■ Work order:
Without including the images, transcribe each record precisely as it appears below.

■ Dataset entries:
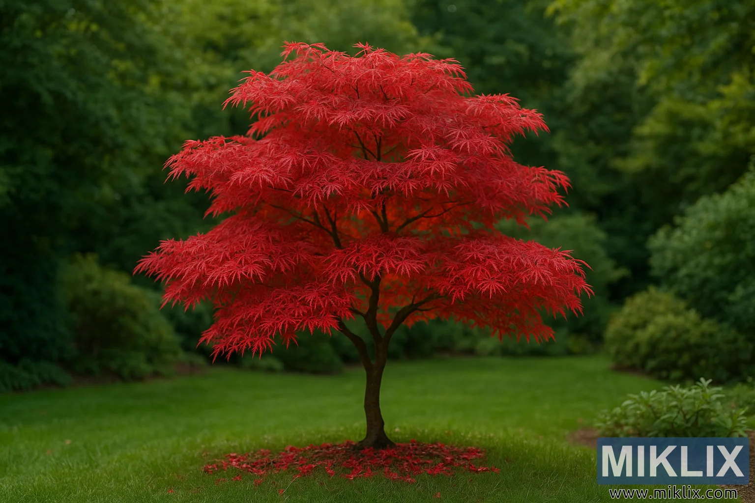 L’arbre est soutenu par un tronc mince et foncé et des branches qui émergent bas du sol. Le tronc, bien que non massif, possède une texture raffinée et une légère courbure qui renforce l’élégance et le mouvement de l’arbre. À la base du tronc, le sol est recouvert d’une fine couche nette de paillis foncé, qui se transforme parfaitement en un tapis subtil de feuilles mortes. Ces feuilles éparses sont du même cramoisi vif que la canopée, prolongeant visuellement la couleur de l’arbre sur le plan du sol et ancrant la couronne flamboyante dans l’environnement immédiat. Ce détail renforce le contexte saisonnier et ajoute une touche de délabrement naturel et magnifique à la scène soigneusement entretenue.
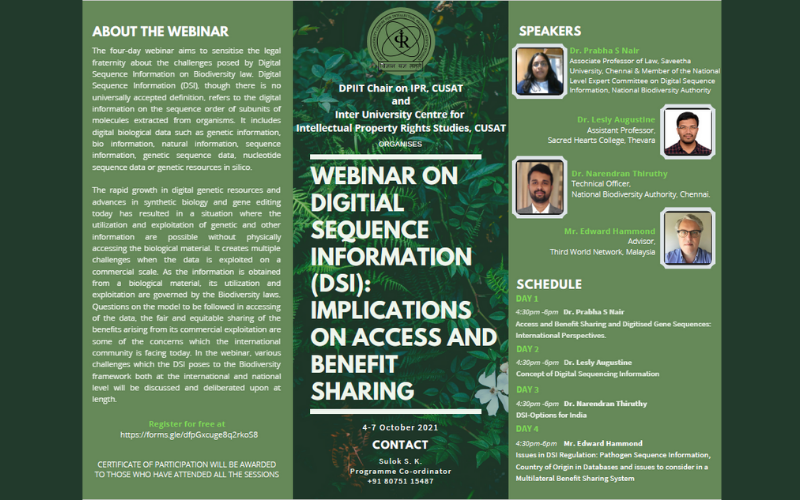 Webinar on digital sequence information(DSI): Implications on access and benefit-sharing will be organized by IPR Studies, Cochin University of Science and Technology.
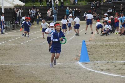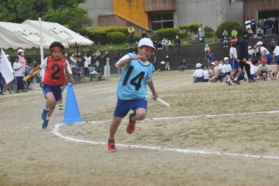 低学年、中学年、高学年のブロックごとに、全員リレーを行いました。応援の声にも力が入っていました。みんな、全力で最後まで走りきりました。
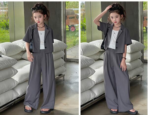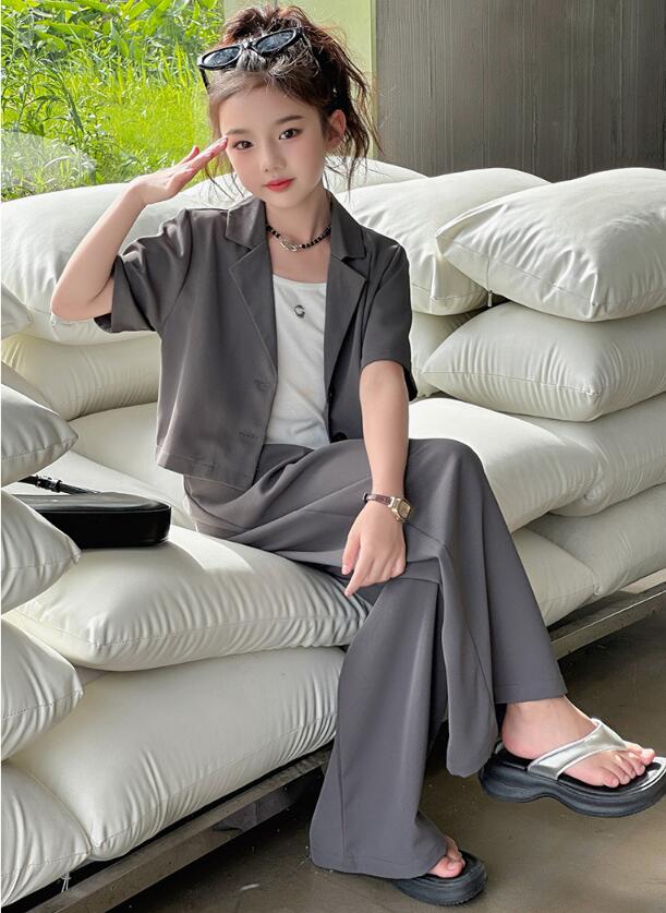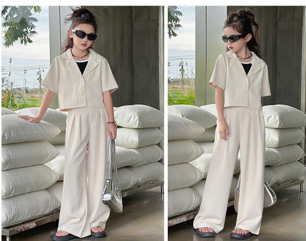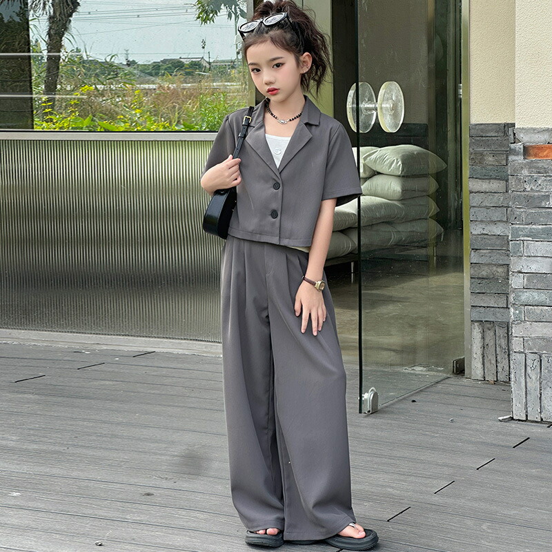 おしゃれ 女の子スーツ お揃い 卒業式 キッズ スーツ カジュアルセットアップ カジュアルパンツセット 続々登場 2点セット(ベージュ) 2点セット(グレー) 120 130 140 150 160 170
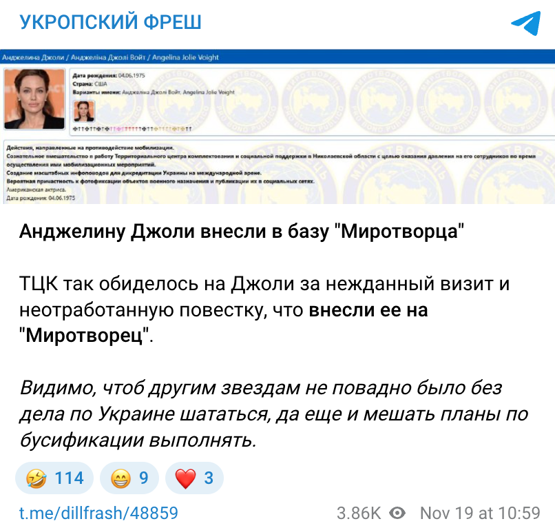 У мережі поширюють інформацію, нібито американську акторку Анджеліну Джолі, яка нещодавно відвідала Херсон і Миколаїв, внесли до бази українського сайту «Миротворець» через «протидію мобілізації свого охоронця, якого забрали в ТЦК». Це супроводжують скриншотом сторінки з інформацією про акторку на сайті.

■ Exercise answer:
 L’arbre est soutenu par un tronc mince et foncé et des branches qui émergent bas du sol. Le tronc, bien que non massif, possède une texture raffinée et une légère courbure qui renforce l’élégance et le mouvement de l’arbre. À la base du tronc, le sol est recouvert d’une fine couche nette de paillis foncé, qui se transforme parfaitement en un tapis subtil de feuilles mortes. Ces feuilles éparses sont du même cramoisi vif que la canopée, prolongeant visuellement la couleur de l’arbre sur le plan du sol et ancrant la couronne flamboyante dans l’environnement immédiat. Ce détail renforce le contexte saisonnier et ajoute une touche de délabrement naturel et magnifique à la scène soigneusement entretenue.
 Webinar on digital sequence information(DSI): Implications on access and benefit-sharing will be organized by IPR Studies, Cochin University of Science and Technology.
 低学年、中学年、高学年のブロックごとに、全員リレーを行いました。応援の声にも力が入っていました。みんな、全力で最後まで走りきりました。
 おしゃれ 女の子スーツ お揃い 卒業式 キッズ スーツ カジュアルセットアップ カジュアルパンツセット 続々登場 2点セット(ベージュ) 2点セット(グレー) 120 130 140 150 160 170
 У мережі поширюють інформацію, нібито американську акторку Анджеліну Джолі, яка нещодавно відвідала Херсон і Миколаїв, внесли до бази українського сайту «Миротворець» через «протидію мобілізації свого охоронця, якого забрали в ТЦК». Це супроводжують скриншотом сторінки з інформацією про акторку на сайті.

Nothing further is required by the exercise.